Do most computers have multiple cores that will work well for multiple threads (like, at least 2?)?

The last single core CPUs made by Intel were the cheapest of the cheapest Celeron CPUs from the Sandy Bridge generation (10 years ago). And that was an outlier: The three generations prior had no single core chips at all. AMD CPUs only got relevant again when they started to outdo Intel in regards to core count.

The first iPhone with a multi-core CPU was the iPhone 6 from 2014.

The landscape of Android devices is too vast to evaluate completely, but multi-core CPUs also seem pretty ubiquitous for several years there too.

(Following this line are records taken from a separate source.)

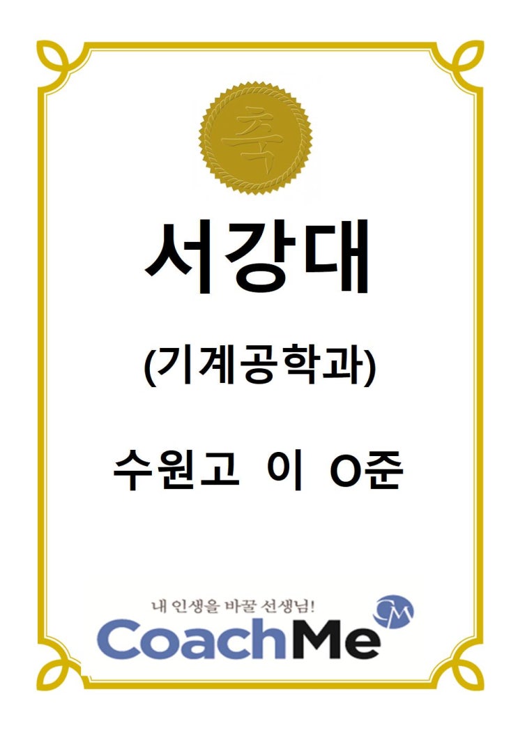 서강대학교 기계공학과에 합격한 수원고등학교 이 O준 학생에게 진심어린 축하와 격려의 박수를 보냅니다. - 코치미학원 강사진 일동 <img src="https://blogthumb.pstatic.net/MjAyNjAyMTFfMTE2/MDAxNzcwNzk5NTEwNTMy.nd_DXl-S3wCw4OB4vT_45sU0r6_IL5E_Gr--VFTuqwQg.oZ91wBULT987JBOq1yzPp8Emh_OeNnFGW5Ux1c4rchAg.JPEG/%BC%AD%B0%AD%B4%EB_%C7%D5%B0%DD_-_%C0%CC%BC%AD%C1%D8_-_%BA%ED%B7%CE%B1%D7001.jpg?type=s3" />
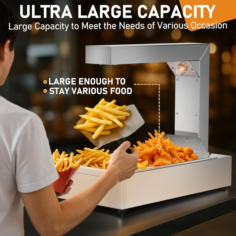 Reliable performance: The food warmer lamp is made of high-quality stainless steel, offering excellent corrosion resistance for long-term use. Its 750 W high-power design ensures rapid and even heating.Keeps fries crispy and fried foods at the perfect serving temperature, preventing overcooking or sogginess.
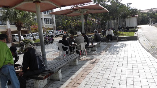 浜辺のベンチでは、おっさん達が囲碁していました。
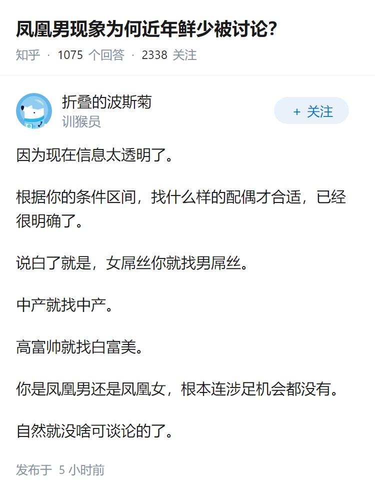 凤凰男现象为何近年鲜少被讨论? 早些年很多人都在讨论嫁人是否嫁凤凰男,跟城市的男
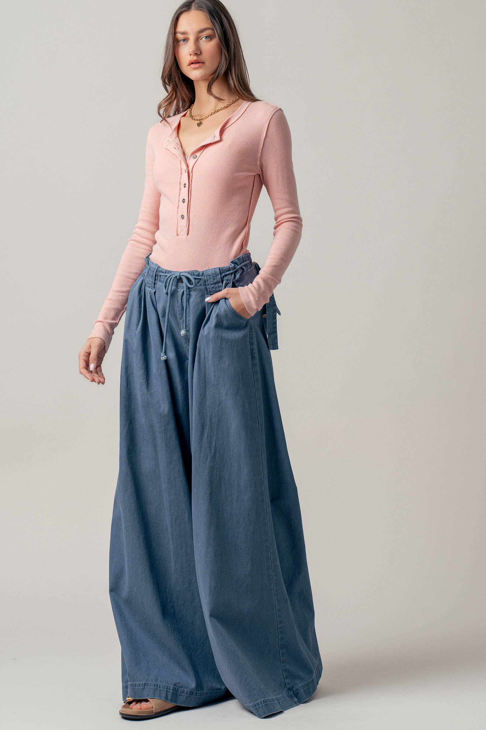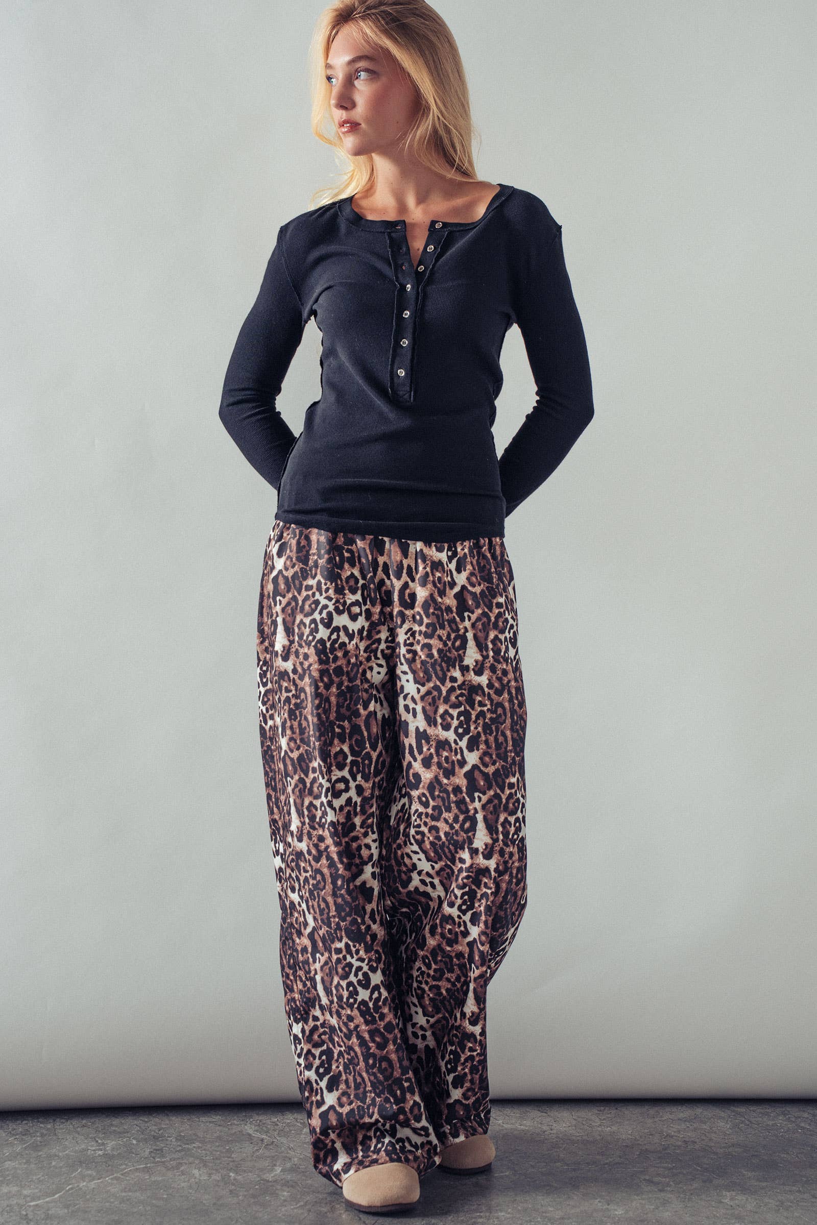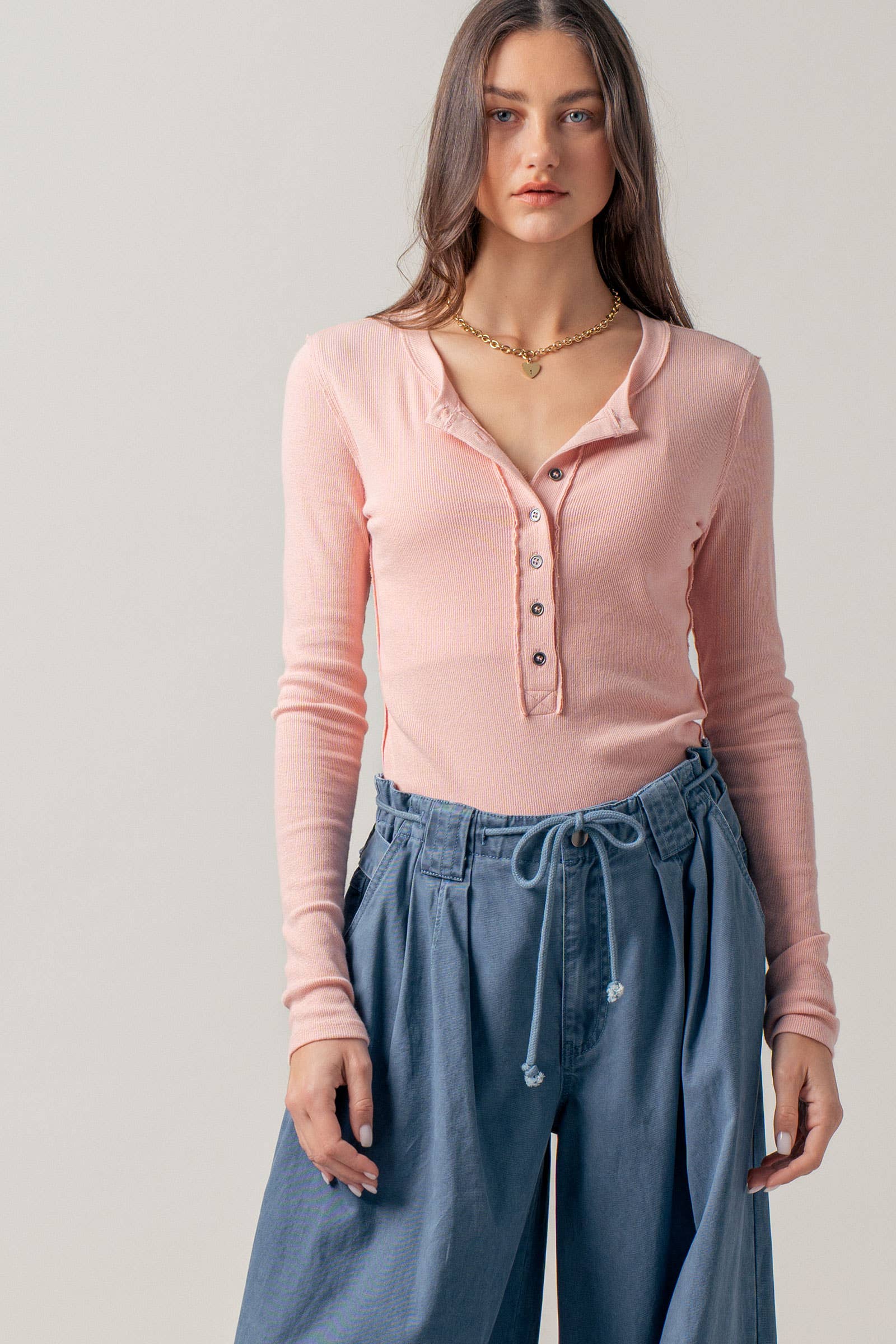 - Classic button-up henley neckline
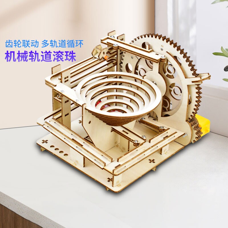 木质拼图机械手工DIY拼装益智玩具儿童男女生日礼物轨道滚珠立体
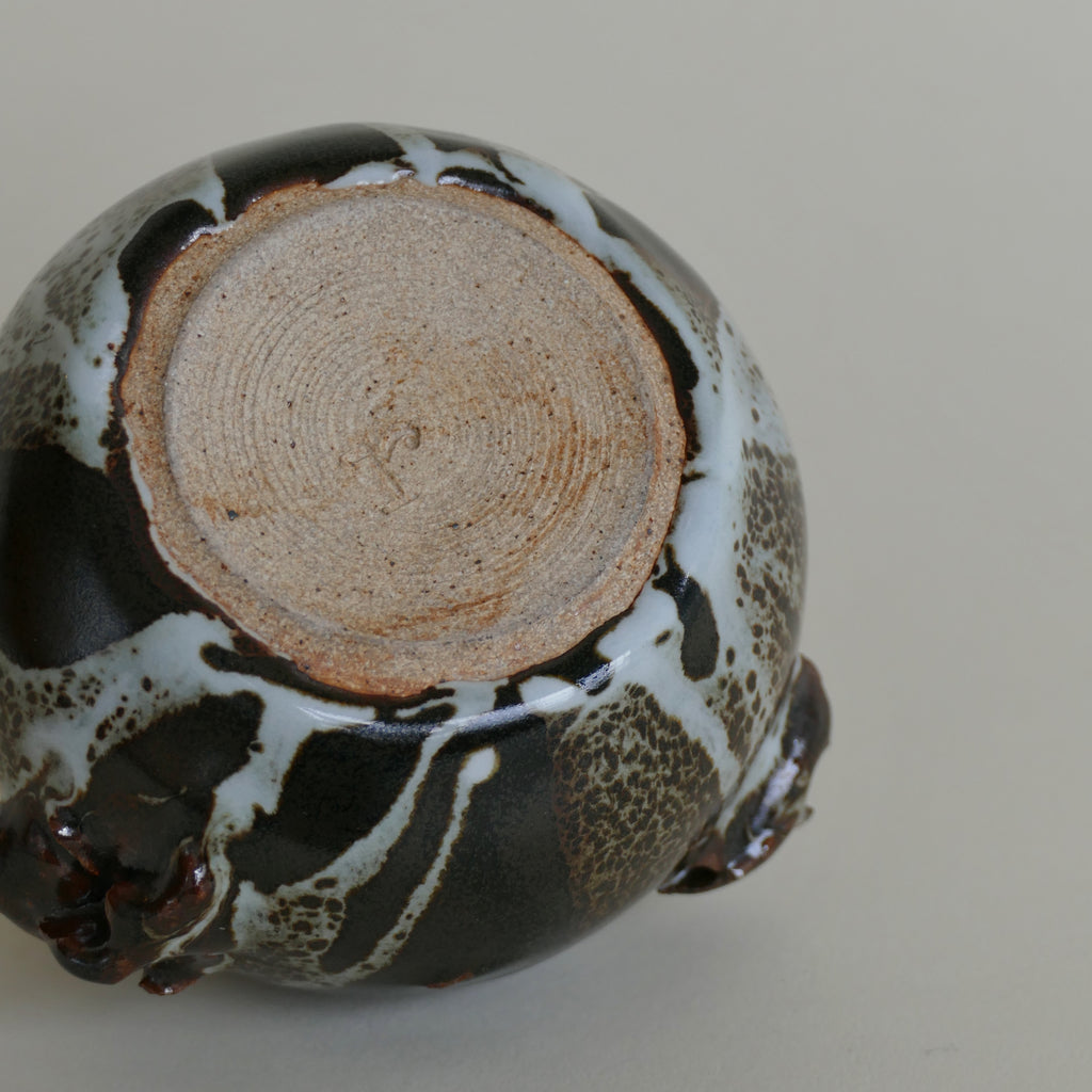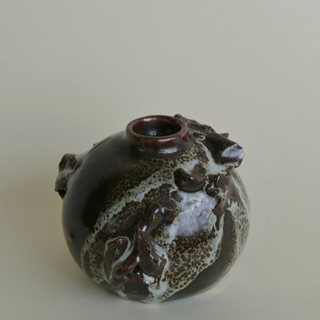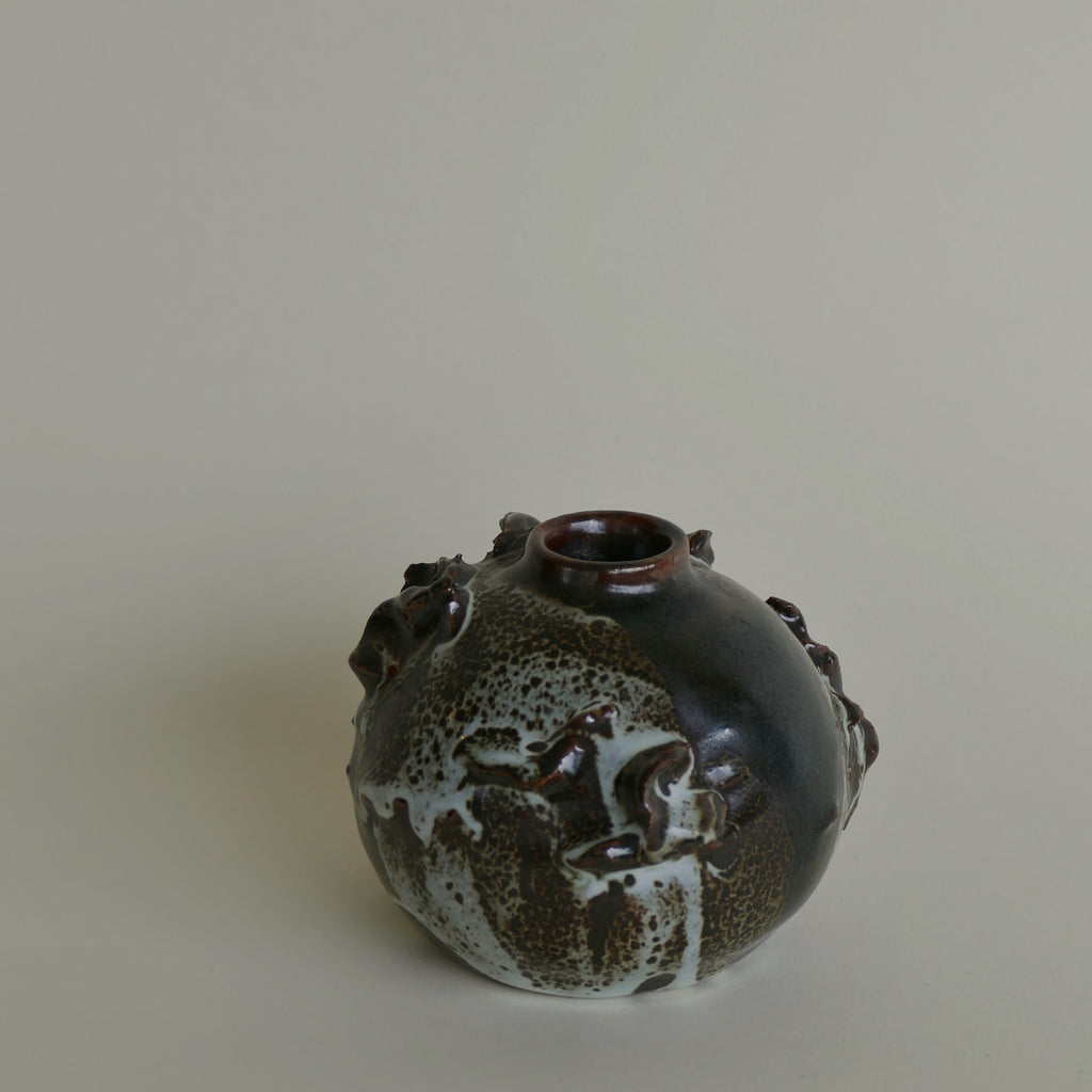 Mid century style bud vase with drippy glaze and ruffled textured detail throughout. Excellent condition; no chips or cracks.
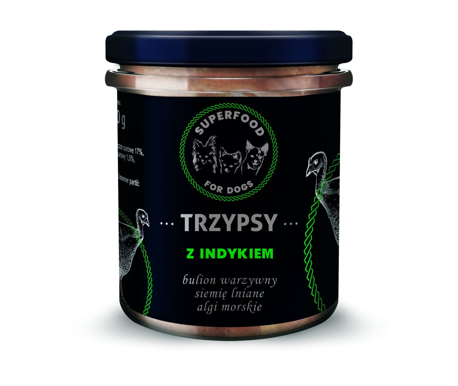 Wieprzowina 57% (płuca wieprzowe 17%, śledziona wieprzowa 15%, wątroba wieprzowa 11%, nerki wieprzowe 7%, skórki wieprzowe 7%), indyk 15% (mięso indycze drobne z uda 10%, wątroba indycza 3%, żołądki indycze 2%,) bulion warzywny, siemię lniane 2%, algi morskie, minerały, ekstrakt ziołowy.
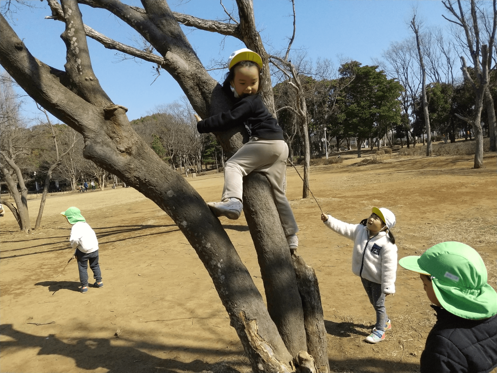 公園では木登りや探索遊び、追いかけっこなど元気いっぱい体を動かして遊んでいます。たくさん遊んだ後は給食を心待ちにしながら頑張って歩いています。
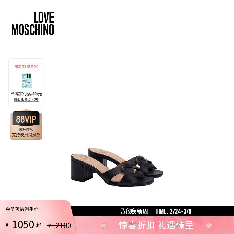 1h可退 香港直邮Love Moschino 爱莫斯奇诺 女士 精饰皮质凉拖 JA
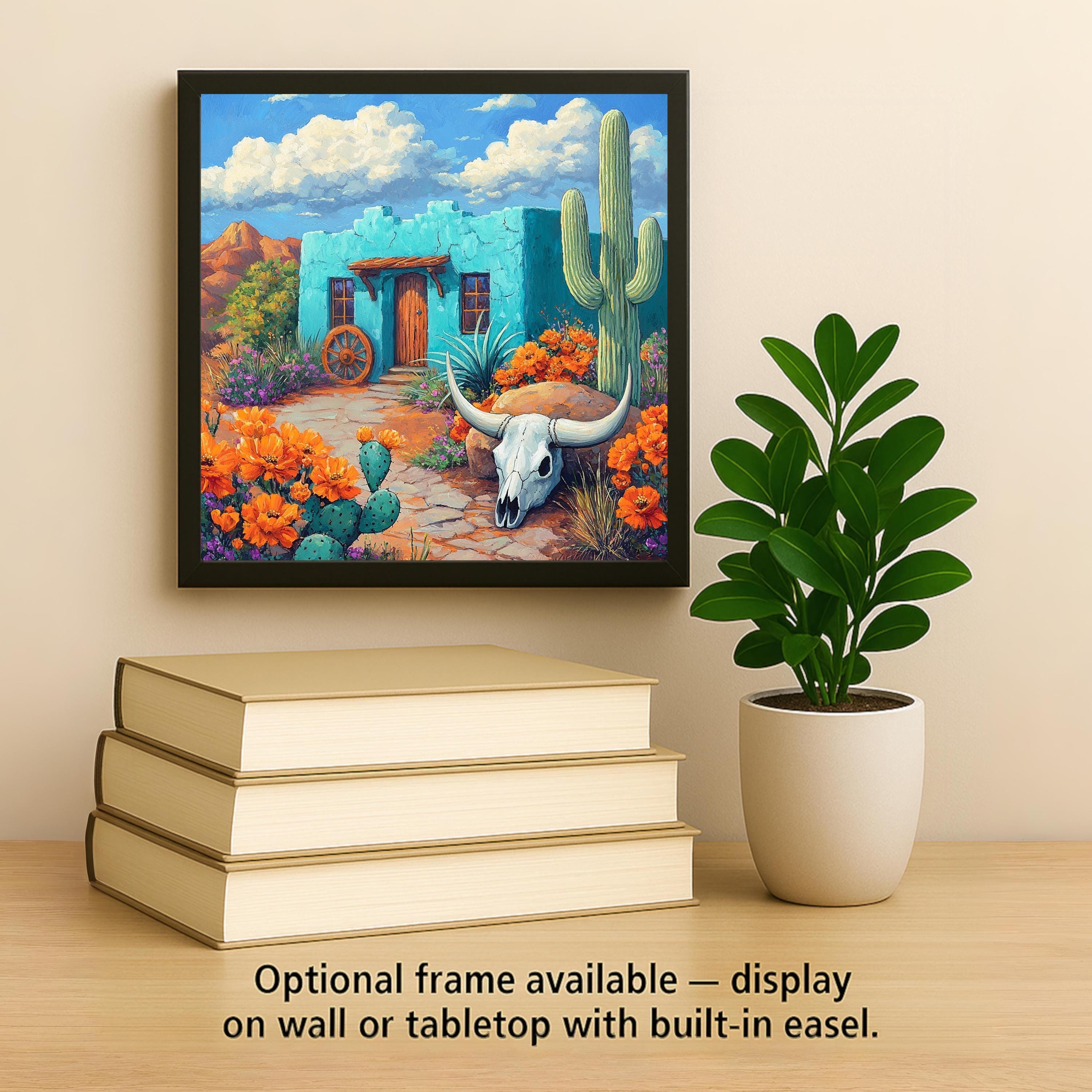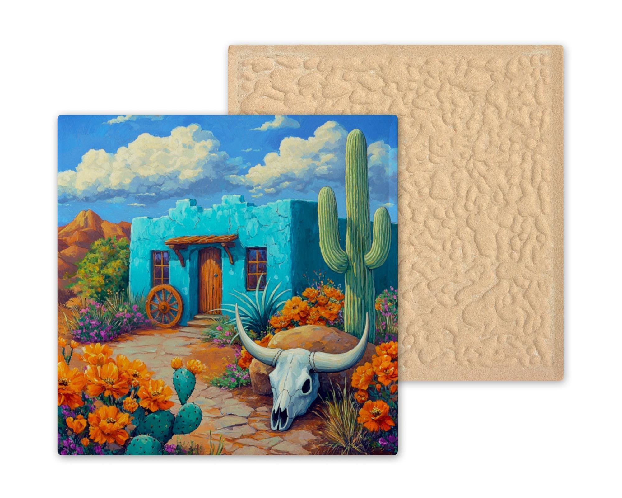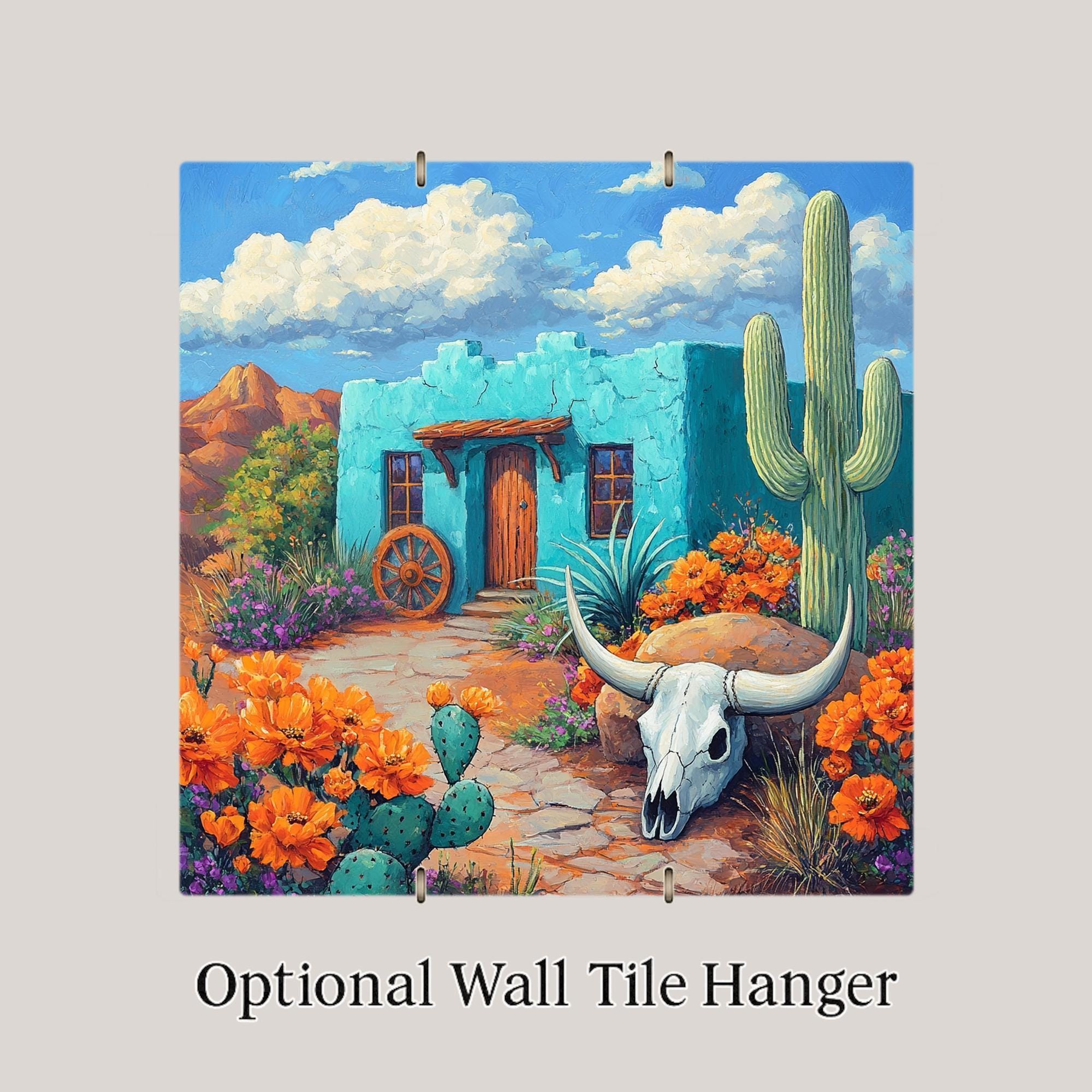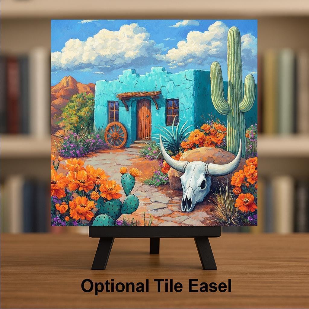 Celebrate desert life with this vibrant ceramic tile featuring a southwestern adobe house. The bright turquoise walls stand out against the orange flowers, golden earth tones, and deep blue skies. A longhorn skull rests near blooming cactus and desert brush, while tall saguaro cacti tower in the background. The entire scene feels warm, rustic, and full of life.
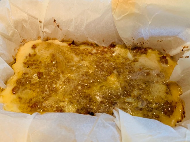 Mezclamos bien con una cuchara o con las manos y lo pasamos a un molde apto para horno (recomiendo uno alargado de unos 24cm, tipo bizcocho). Podéis forrar el molde con papel de horno para facilitar el desmolde, o bien engrasarlo ligeramente con aceite o mantequilla.

So yes, you can safely assume multiple CPU cores nowadays.

  • 1
    \$\begingroup\$ As another data point (granted, biased toward gaming-focused users who tend to have higher-spec machines, so take it with a grain of salt), the latest Steam hardware survey reports only one in 400 of their users on any OS has only a single physical CPU core - and that doesn't factor in that some of those physical CPUs may still have more than one logical CPU via hyperthreading. \$\endgroup\$
    – DMGregory
    Jan 4, 2022 at 15:27
  • \$\begingroup\$ The nice thing about using Unity JOBS is that it'll tend to significantly speed things up even if users have a single thread as long as your [BurstCompile] them. This isn't only because BURST compiler can hyper optimize HPC# (high performance c#). It's also because the language is very constrained it'll tend to force you in a more performance-oriented way from the outset (no GC, encourages use of large contiguous buffers and therefore cache-coherence). \$\endgroup\$
    – Charly
    Jan 4, 2022 at 21:08

You could use a ComputeShader to offload the ai logic to your GPU, which is better in running parallel tasks, like AI pathing and the sorts.

Or just teach your AI chess with unity ml-agents, so that fuzzy logic and neural network make the AI more human and choose the best move that "feels right", and you could just edit the thinking time and have different agents learning for different lengths of time.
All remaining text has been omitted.